- [Instructions to follow]: These records contain pictures, which must be left out; copy exactly the lines from the one with "Москва. 17 марта." up to and including the one with "Understated Elegance, This".

[Data extracted from a collection]
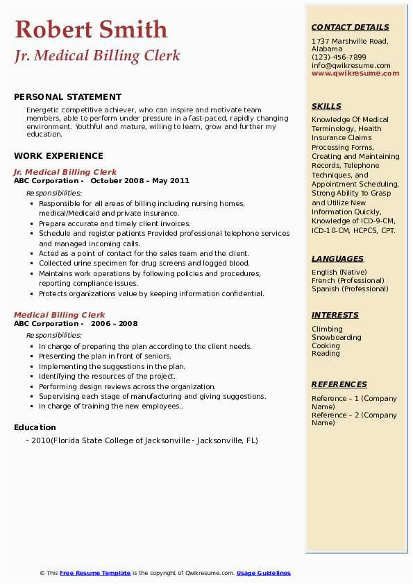 Warning: count(): Parameter must be an array or an object that implements Countable in /var/www/html/naturestudycentre.org/wp-content/themes/silegan-wordpress-theme/inc/themeson.class.php on line 625 Sample Resume for Medical Billing Clerk Medical Billing Clerk Resume Samples
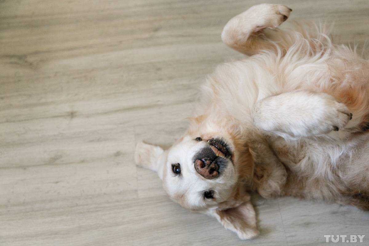 Как будто в подтверждение Олиных слов Рай заваливается на спину и начинает кататься по полу и делать смешные морды. «Хорошая собака», — говорим мы. А Юля подсказывает: «Вы руками его „хвалите“. Гладьте его, он же не слышит».
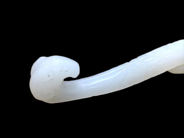 こちらの品は獣頭玉製帯鉤です。美しい白い玉に文様の彫刻が施された一品です。
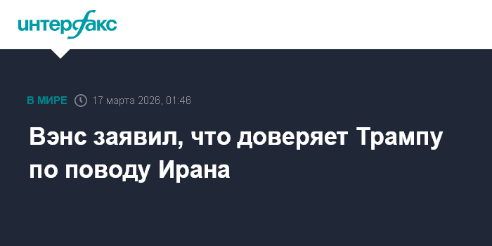 Москва. 17 марта. INTERFAX.RU - Вице-президент США Джей Ди Вэнс заверил, что не сомневается в способности президента страны Дональда Трампа найти оптимальное решение конфликта с Ираном.
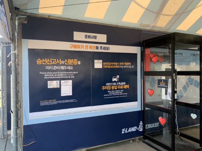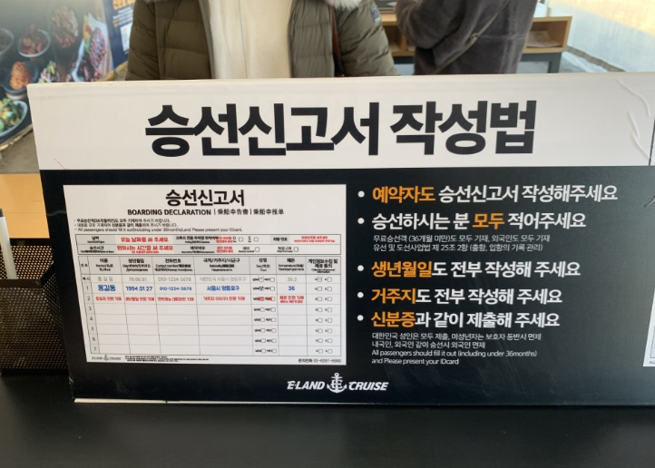 매표소 옆에서 승선신고서를 작성하고 신분증을 제출합니다.
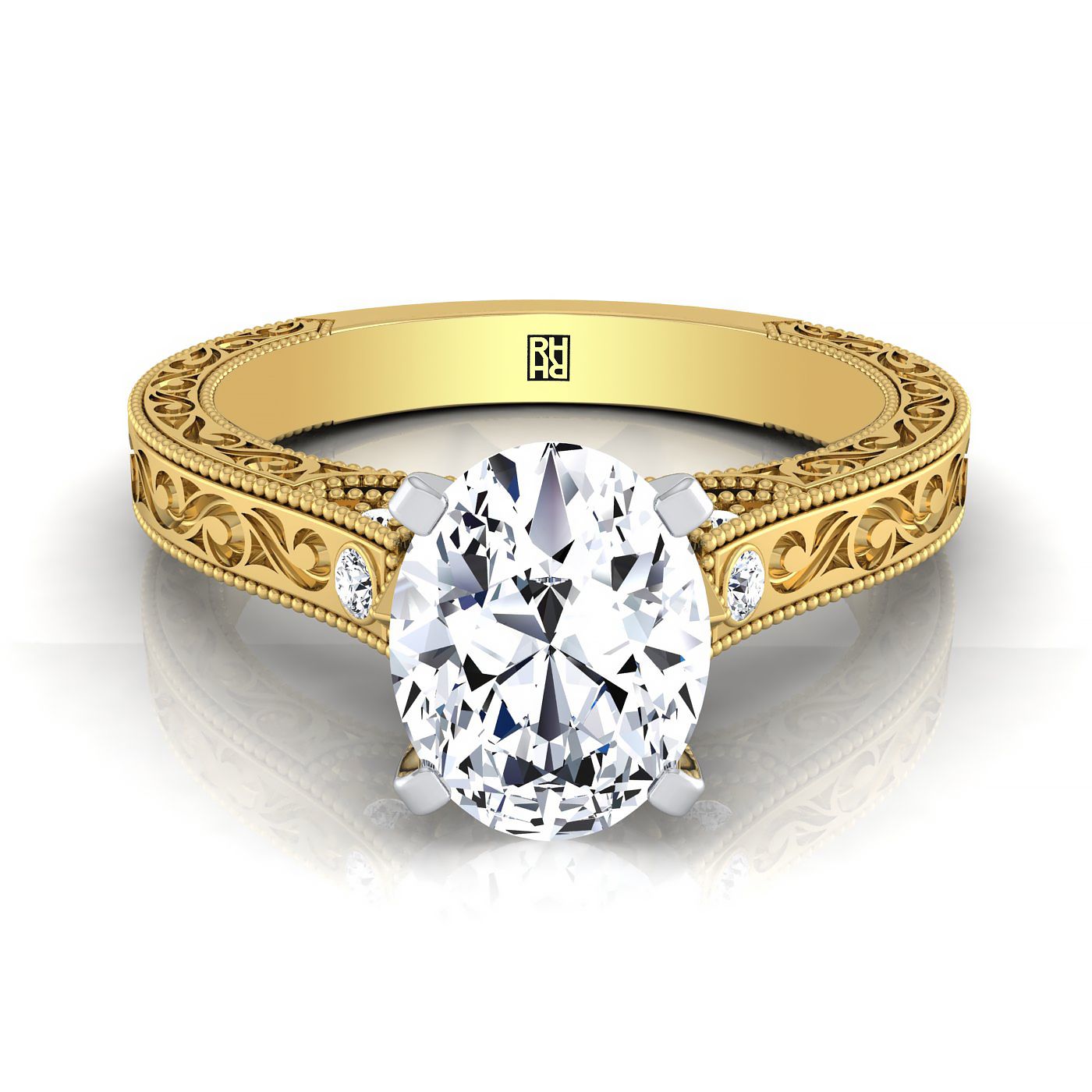 Understated Elegance, This Oval Diamond Engagement Ring Showcases A Scroll Engraved Design Shank With A Classic High Polish Finish In 18k Yellow Gold
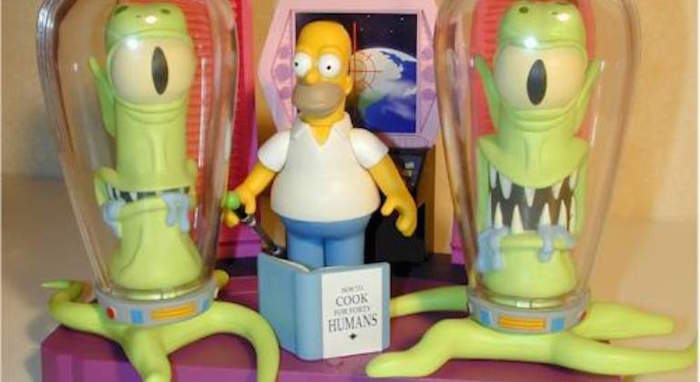 "TreeHouse of Horror 2" del año 2001, basado en el séptimo especial de Halloween, y conformado por una nave espacial extraterrestre, y tres figuras coleccionables: Kang, Kodos y Homero; en Amazon, el producto se ofrece por 100 dólares, aproximadamente 1,927 pesos.
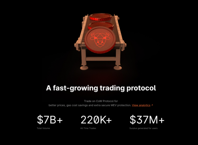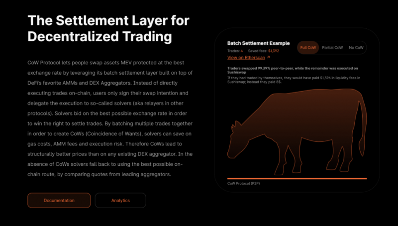 CoW Protocol(COW)은 다양한 온체인 유동성 소스에 대한 일괄 경매를 통해서 거래를 일치시키며,
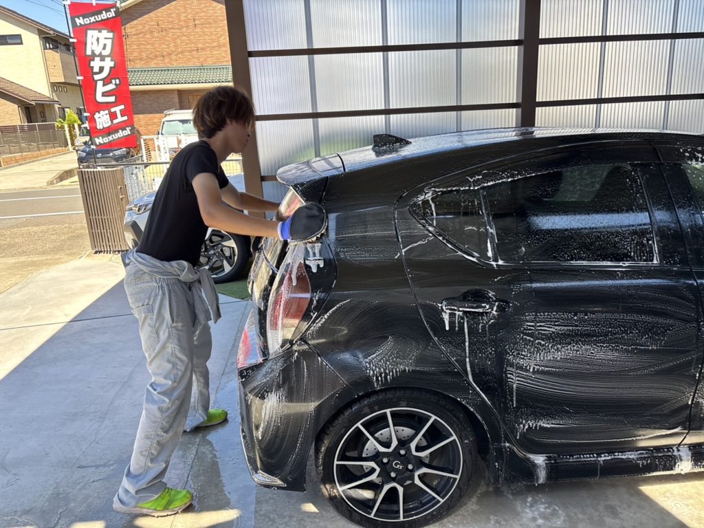 手洗い洗車を行いました。鉄粉がかなりの量が付着しており、後日研磨とコーティングをご依頼いただきました。

- [Expected answer]:
 Москва. 17 марта. INTERFAX.RU - Вице-президент США Джей Ди Вэнс заверил, что не сомневается в способности президента страны Дональда Трампа найти оптимальное решение конфликта с Ираном.
 매표소 옆에서 승선신고서를 작성하고 신분증을 제출합니다.
 Understated Elegance, This Oval Diamond Engagement Ring Showcases A Scroll Engraved Design Shank With A Classic High Polish Finish In 18k Yellow Gold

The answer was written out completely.